------ Data segment ------

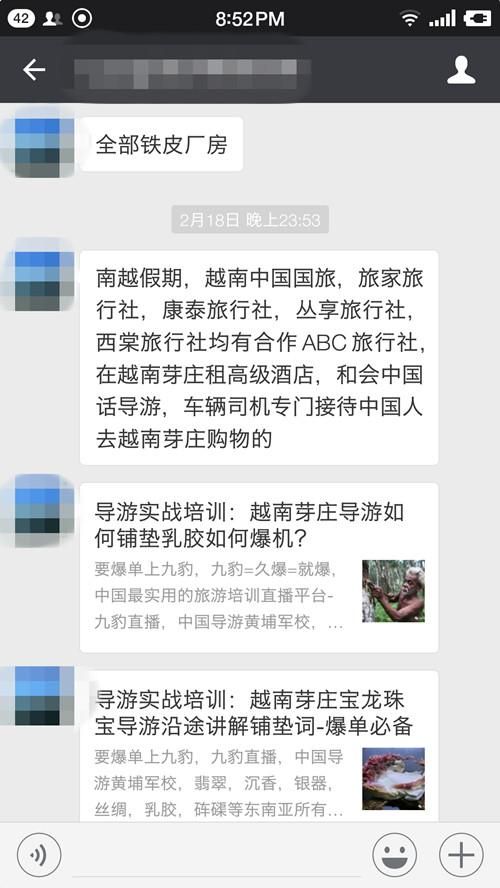 微信公众号“九豹直播商城”收费向中国导游传授增加游客在购物店消费经验。里面的“知名讲师”李某同时也是越南芽庄珠宝、乳胶垫购物店的经理。通过暗访,界面新闻新闻记者了解到,在越南做乳胶购物店和翡翠购物店,分别能实现10倍和30倍的利润。
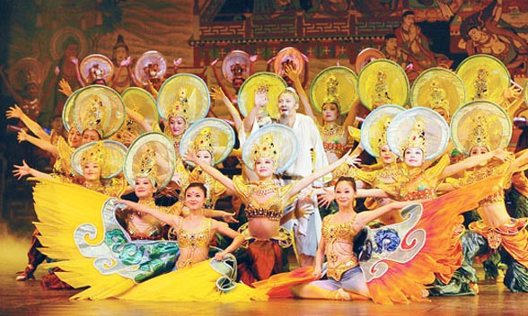 《絲路花雨》是以舉世聞名的絲綢之路和敦煌壁畫為素材創(chuàng)作的大型民族舞劇。它歌頌了畫工神筆張和歌伎英娘的光輝藝術(shù)形象,描寫了他們的悲歡離合以及與波斯商人伊努斯之間的純潔友誼。《絲路花雨》自1979年首演至今,共演出1400余場,觀眾達(dá)300多萬人次,2004年10月被上海大世界基尼斯總部認(rèn)定為“中國舞劇之最”。多年來,《絲路花雨》先后訪問過朝鮮、法國、意大利、日本、泰國、前蘇聯(lián)、西班牙、土耳其及港澳臺(tái)等20多個(gè)國家和地區(qū),演出深受好評(píng),被譽(yù)為“中國民族舞劇的典范”。
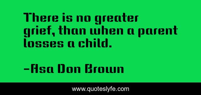 This page presents the quote "There is no greater grief, than when a parent losses a child.". Author of this quote is Asa Don Brown. This quote is about loss, life, psychology, ccpa, counseling, psychotherapy, children,.
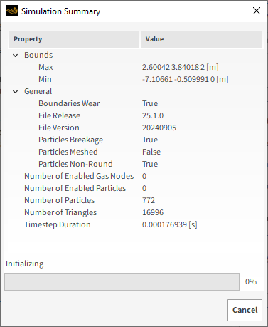 微粒 形状 Polyhedron⯆ Particle | Size Add row (x2) (1) Size | Cumulative % 0.3 [m] @ 100 [%] (2) Size | Cumulative % 0.2 [m] @ 30 [%] (3) Size | Cumulative % 0.15 [m] @ 10 [%] … | Shape Horizontal Aspect Ration 1 [-] Number of Corners 15 [-] … | Breakage Enable Breakage (已启用) 模型 Ab-T10⯆ Reference Minimum Specific Energy 1 [J/kg] Selection Function Coefficient 0.001 [kg/J … | Breakage | Fragments Minimum Absolute Size 0.05 [m]

------

### Problem to solve
Please set down the data above exactly as given, leaving every picture out.

### Worked solution
 微信公众号“九豹直播商城”收费向中国导游传授增加游客在购物店消费经验。里面的“知名讲师”李某同时也是越南芽庄珠宝、乳胶垫购物店的经理。通过暗访,界面新闻新闻记者了解到,在越南做乳胶购物店和翡翠购物店,分别能实现10倍和30倍的利润。
 《絲路花雨》是以舉世聞名的絲綢之路和敦煌壁畫為素材創(chuàng)作的大型民族舞劇。它歌頌了畫工神筆張和歌伎英娘的光輝藝術(shù)形象,描寫了他們的悲歡離合以及與波斯商人伊努斯之間的純潔友誼。《絲路花雨》自1979年首演至今,共演出1400余場,觀眾達(dá)300多萬人次,2004年10月被上海大世界基尼斯總部認(rèn)定為“中國舞劇之最”。多年來,《絲路花雨》先后訪問過朝鮮、法國、意大利、日本、泰國、前蘇聯(lián)、西班牙、土耳其及港澳臺(tái)等20多個(gè)國家和地區(qū),演出深受好評(píng),被譽(yù)為“中國民族舞劇的典范”。
 This page presents the quote "There is no greater grief, than when a parent losses a child.". Author of this quote is Asa Don Brown. This quote is about loss, life, psychology, ccpa, counseling, psychotherapy, children,.
 微粒 形状 Polyhedron⯆ Particle | Size Add row (x2) (1) Size | Cumulative % 0.3 [m] @ 100 [%] (2) Size | Cumulative % 0.2 [m] @ 30 [%] (3) Size | Cumulative % 0.15 [m] @ 10 [%] … | Shape Horizontal Aspect Ration 1 [-] Number of Corners 15 [-] … | Breakage Enable Breakage (已启用) 模型 Ab-T10⯆ Reference Minimum Specific Energy 1 [J/kg] Selection Function Coefficient 0.001 [kg/J … | Breakage | Fragments Minimum Absolute Size 0.05 [m]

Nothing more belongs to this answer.